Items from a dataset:
———
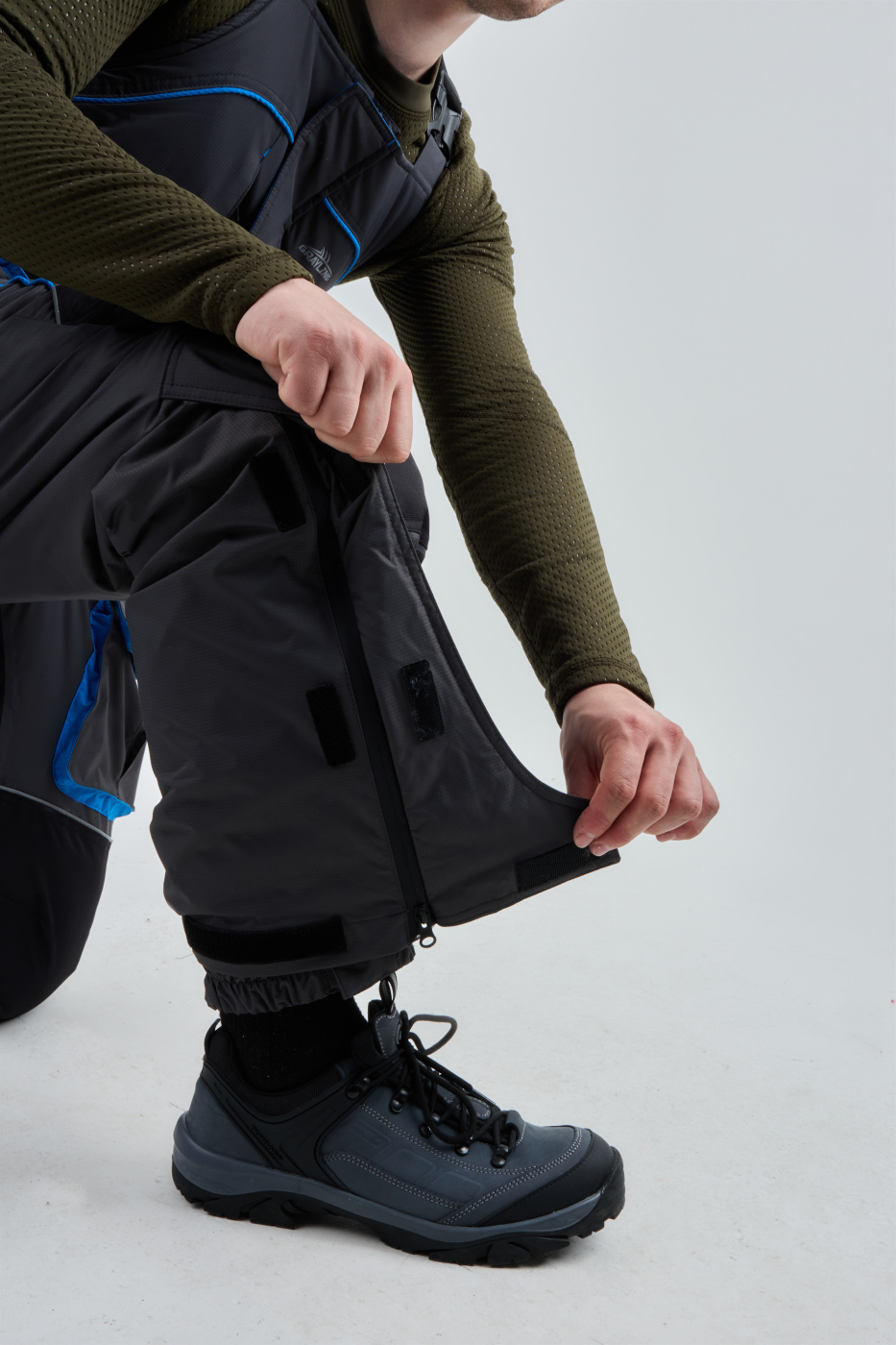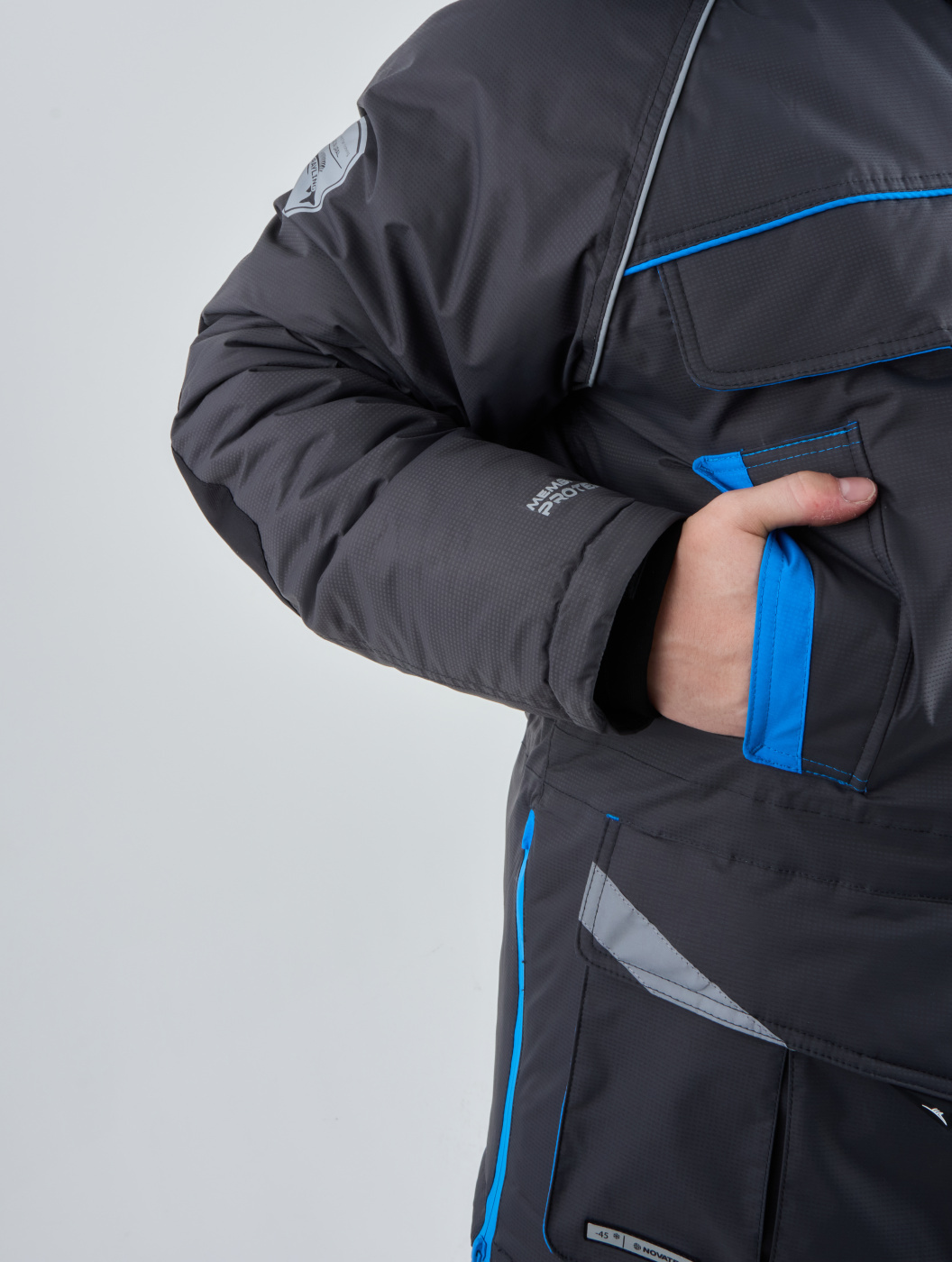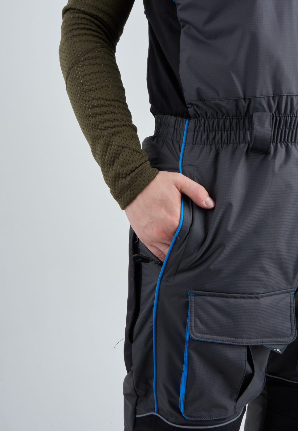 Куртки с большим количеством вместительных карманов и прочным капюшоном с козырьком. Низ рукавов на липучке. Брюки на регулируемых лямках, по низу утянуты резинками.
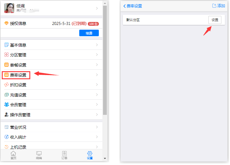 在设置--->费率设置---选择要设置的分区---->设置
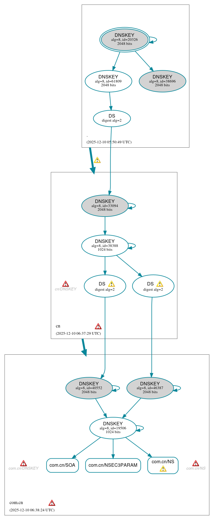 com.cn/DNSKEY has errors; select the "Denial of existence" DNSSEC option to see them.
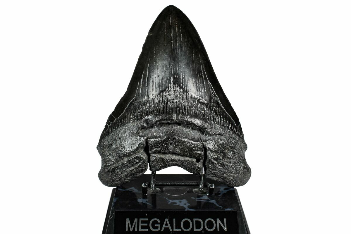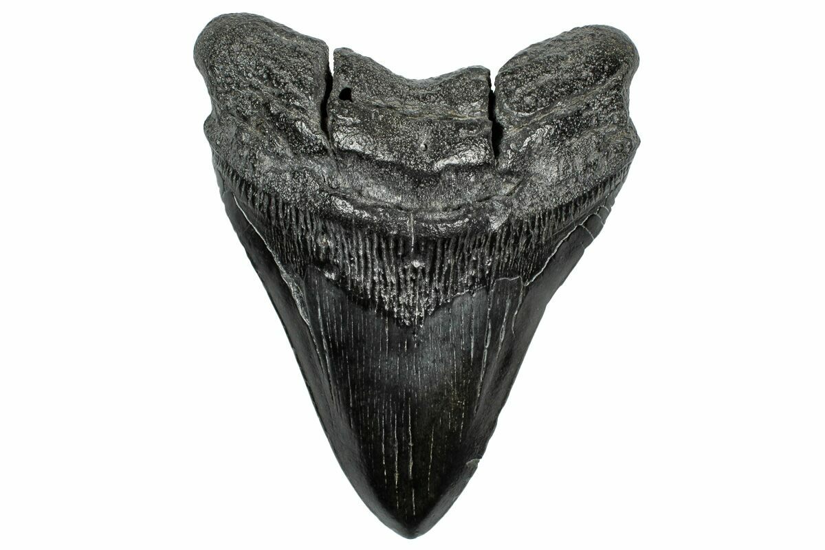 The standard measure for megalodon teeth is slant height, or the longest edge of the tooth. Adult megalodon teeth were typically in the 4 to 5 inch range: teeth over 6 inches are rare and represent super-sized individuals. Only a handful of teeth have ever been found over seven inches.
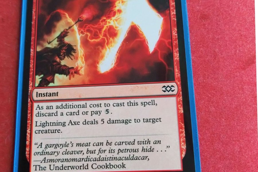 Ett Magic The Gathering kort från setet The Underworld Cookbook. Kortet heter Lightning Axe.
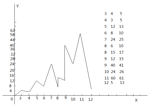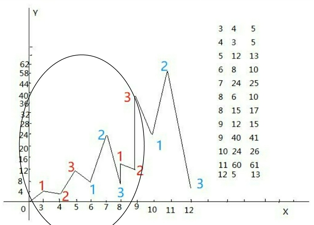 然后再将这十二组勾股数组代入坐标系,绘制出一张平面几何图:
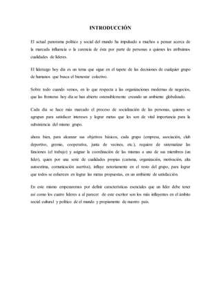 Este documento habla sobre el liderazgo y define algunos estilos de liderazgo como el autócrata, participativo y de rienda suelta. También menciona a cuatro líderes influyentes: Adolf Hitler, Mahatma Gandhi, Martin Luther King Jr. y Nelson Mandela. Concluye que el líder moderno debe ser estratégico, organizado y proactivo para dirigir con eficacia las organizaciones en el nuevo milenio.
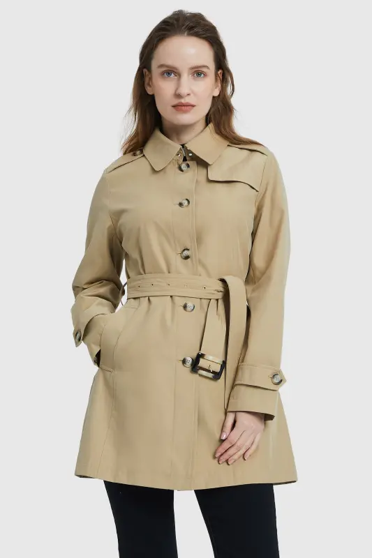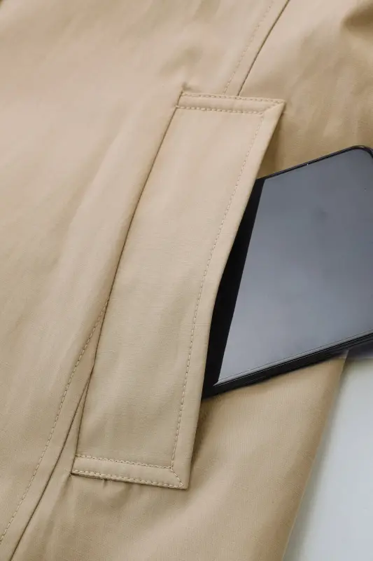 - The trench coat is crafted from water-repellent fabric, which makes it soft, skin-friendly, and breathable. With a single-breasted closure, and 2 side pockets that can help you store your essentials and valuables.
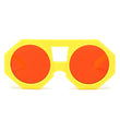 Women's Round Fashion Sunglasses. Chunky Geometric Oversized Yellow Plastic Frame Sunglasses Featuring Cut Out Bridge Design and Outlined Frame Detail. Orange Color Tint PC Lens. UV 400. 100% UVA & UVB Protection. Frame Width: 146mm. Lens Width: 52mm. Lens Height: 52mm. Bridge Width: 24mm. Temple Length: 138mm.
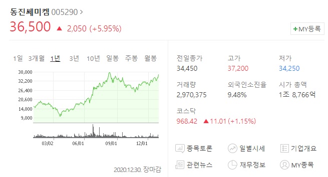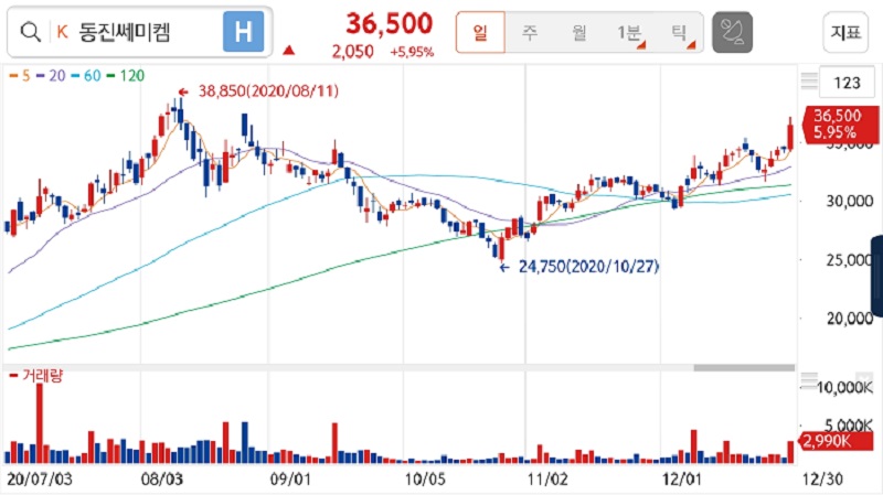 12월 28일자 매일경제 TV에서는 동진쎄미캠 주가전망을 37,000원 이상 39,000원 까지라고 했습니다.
———
TASK STATEMENT
Repeat all of the records verbatim, leaving out the pictures.

EXERCISE RESPONSE
 Куртки с большим количеством вместительных карманов и прочным капюшоном с козырьком. Низ рукавов на липучке. Брюки на регулируемых лямках, по низу утянуты резинками.
 在设置--->费率设置---选择要设置的分区---->设置
 com.cn/DNSKEY has errors; select the "Denial of existence" DNSSEC option to see them.
 The standard measure for megalodon teeth is slant height, or the longest edge of the tooth. Adult megalodon teeth were typically in the 4 to 5 inch range: teeth over 6 inches are rare and represent super-sized individuals. Only a handful of teeth have ever been found over seven inches.
 Ett Magic The Gathering kort från setet The Underworld Cookbook. Kortet heter Lightning Axe.
 然后再将这十二组勾股数组代入坐标系,绘制出一张平面几何图:
 Este documento habla sobre el liderazgo y define algunos estilos de liderazgo como el autócrata, participativo y de rienda suelta. También menciona a cuatro líderes influyentes: Adolf Hitler, Mahatma Gandhi, Martin Luther King Jr. y Nelson Mandela. Concluye que el líder moderno debe ser estratégico, organizado y proactivo para dirigir con eficacia las organizaciones en el nuevo milenio.
 - The trench coat is crafted from water-repellent fabric, which makes it soft, skin-friendly, and breathable. With a single-breasted closure, and 2 side pockets that can help you store your essentials and valuables.
 Women's Round Fashion Sunglasses. Chunky Geometric Oversized Yellow Plastic Frame Sunglasses Featuring Cut Out Bridge Design and Outlined Frame Detail. Orange Color Tint PC Lens. UV 400. 100% UVA & UVB Protection. Frame Width: 146mm. Lens Width: 52mm. Lens Height: 52mm. Bridge Width: 24mm. Temple Length: 138mm.
 12월 28일자 매일경제 TV에서는 동진쎄미캠 주가전망을 37,000원 이상 39,000원 까지라고 했습니다.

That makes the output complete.